Without Warren in the race, there’s the real possibility that many Democrats could do exactly what many in the GOP’s ultra-conservative base did in 2008, and to an extent in 2012, and that’s stay home on Election Day in silent protest against GOP presidential candidates John McCain and Mitt Romney. As it was with them, this would be a disaster for Democrats. Warren, though, is no Obama. She can’t match him in charisma, political skill and a mountainous financial campaign kitty that he brought to the political table. Yet, she would still send thousands of doubting Democrats in a crusade to the polls in a Democratic primary joust with Clinton. But what then when she doesn’t win the nomination?
Clinton is mindful of the loathing that legions of Democrats have for her Wall Street connection. In the general election, big bankers, financial executives and top corporate donors are expected to be generous bankrollers of her campaign. This was the reason that Clinton at a Democratic gubernatorial campaign rally in Massachusetts in November was effusive in her praise of Warren and in the process took a big shot at Wall Street and the corporations minimizing their role in job creation. Later she walked it back claiming she had “short-handed” her comments. In the run-up to the 2016 presidential campaign, she will be continually challenged to tell which Clinton Democrats are to believe: the Wall Street or the populist Clinton. It will take deft political footwork on her part to try to be both and neither at the same time. This will reinforce the notion among Clinton detractors that she will say whatever it takes to try and please two polar-opposite political constituencies.
All the while, non-candidate Warren will be repeatedly hailed as the one Democrat not afraid to speak her mind and take action to reign in Wall Street and not continue the corporate and Wall Street giveaways that, at times, have been co-signed under GOP duress by President Obama. The only real winner in an irreconcilable split among the Democrats is the GOP. GOP strategists will not mention Warren in their attacks on Clinton. Instead they will use her as their foil to paint Clinton as anti-business, and another tax-and-spend Democrat. And worse, a Democratic president who would be politically beholden, even hostage to Warren backers, and would impose more crippling restraints on corporations and the financial industry.

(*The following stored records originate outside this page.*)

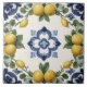 lemon bergamot cedro ceramic tile,mediterranean green yellow lemons fruit,traditional sicilian capri pomelo,,italian farmhouse quatrefoil clover,decorative antique rustic farming villa,blue and white vintage art, "off cream offwhite", "classic botanical leafy leaves", "geometric four leafed leaf", "limone amalfi italy citrus"
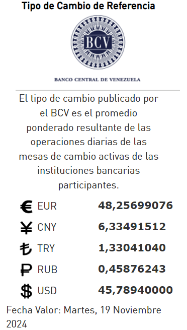 19-11-24.-El precio del dólar en el Banco Central de Venezuela (BCV) se cotizó este lunes 18 de noviembre 2024 en Bs.45,78 por unidad según la última actualización en su página web oficial y redes sociales.
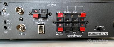 Ricevitore Hirschmann CRP 3300A 2SAT con Hirmit OSD (uscite audio/video, ingresso e uscita TV, 3 connessioni scart, connessione per controllo motore e polarizzazione meccanica, porta di servizio per aggiornamenti internet, alimentazione commutabile per LMB sul dispositivo)

If Warren did choose to enter Democratic primary contests, her backers would cheer wildly. And this would force Clinton to spell out her position on the issues and tell how a Clinton administration would differ from Obama’s and husband Bill’s. She would also have to spend time making assurances that she is not the unreconstructed hawk on foreign policy issues that progressive Democratic critics lambaste her as.
This would pose fresh problems for Clinton. She’d have to talk even more boldly about tough financial regulations and reforms, and that would make her appear as even further to the left. That would feed Fox News and the Republican National Committee with a bonanza of round-the-clock hit points against Clinton. They would tar her as a Ralph Nader-style Democrat who as president would war perennially with a GOP controlled Congress. The result, they’d loudly claim, would be even deeper gridlock that many Americans dread.
The saving grace for now is that Democrats, by a lop-sided margin, are solidly behind Clinton. That’s the good news for Clinton. The bad news is those numbers mask the weak enthusiasm or outright opposition that many Democrats have to a Clinton presidential bid. Warren almost certainly will continue to remain their alternative.
Earl Ofari Hutchinson is an author and political analyst.